Beauty acts as a cause to produce love, because the being, the attributes and the works of God possess beauty, and every one loves that which is beautiful.

MUHAMMAD AL-GHAZALI

The Alchemy of Happiness


Life deprived of beauty is not worthy of being called human.

LUIS BARRAGÁN

attributed, Artes de Mexico, 1994


Beauty spins and the mind moves. To catch beauty would be to understand how that impertinent stability in vertigo is possible. But no, delight need not reach so far.

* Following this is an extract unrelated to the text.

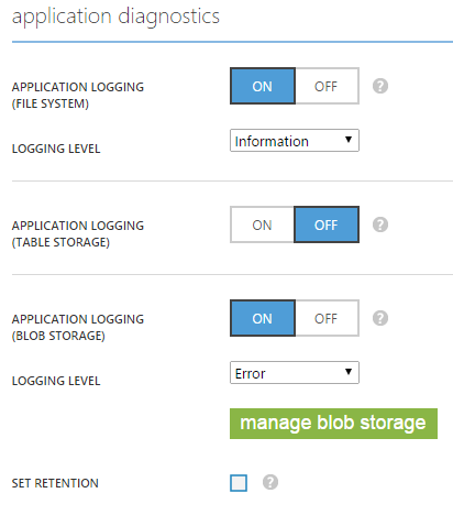 我有一个Windows网站(使用ASP.NET网页构建),并且在配置中为Blob存储和文件存储启用了“应用程序诊断”:

To be running breathlessly, but not yet arrived, is itself delightful, a suspended moment of living hope.

ANNE CARSON

preface, Eros the Bittersweet


A lump rises in our throat at the sight of beauty from an implicit knowledge that the happiness it hints at is the exception.

ALAIN DE BOTTON

The Architecture of Happiness


Beauty for the most part, consists in objects of sight; but it is also received through the ears, by the skilful composition of words, and the consonant proportion of sounds; for in every species of harmony, beauty is to be found.

PLOTINUS

"Concerning the Beautiful"


We delight in the beauty of the butterfly, but rarely admit the changes it has gone through to achieve that beauty.

MAYA ANGELOU

attributed, The Butterfly's Daughter


Women of no beauty may yet be flattered to believe they possess some; others of a moderate share that they have a great deal; but those of elegance and charm generally know the perfection of their external graces so well, that they seem to covet that flattery most which heightens the opinion of their wit and judgment.

NORMAN MACDONALD

Maxims and Moral Reflections


Only true love can keep beauty innocent.

U2

"A Man and a Woman"


When I entreated Life to make me wise,
It drew aside Love's broidered veil of lies;
And perilous Beauty, undivined before,
Beckoned me from the mazes of his eyes.

ELSA BARKER

"The Garden of Rose and Rue", The Book of Love


What is love at first sight but a proof of the powerful but silent language of physiognomy?

MARY CLEMMER AMES

attributed, Edge-tools of Speech


The beauty that men seek is half a dream--
Where'er we wander, yet it lies afar;
It touches with its wand a setting star,
It stirs the ripple of an ebbing stream.
And though we run beyond the dawning gleam,
Or kneel to worship at an altar bright,
We may not know the soul of its delight,
Or more than marvel at its palest beam.

KENNETH RAND

"The True Magic"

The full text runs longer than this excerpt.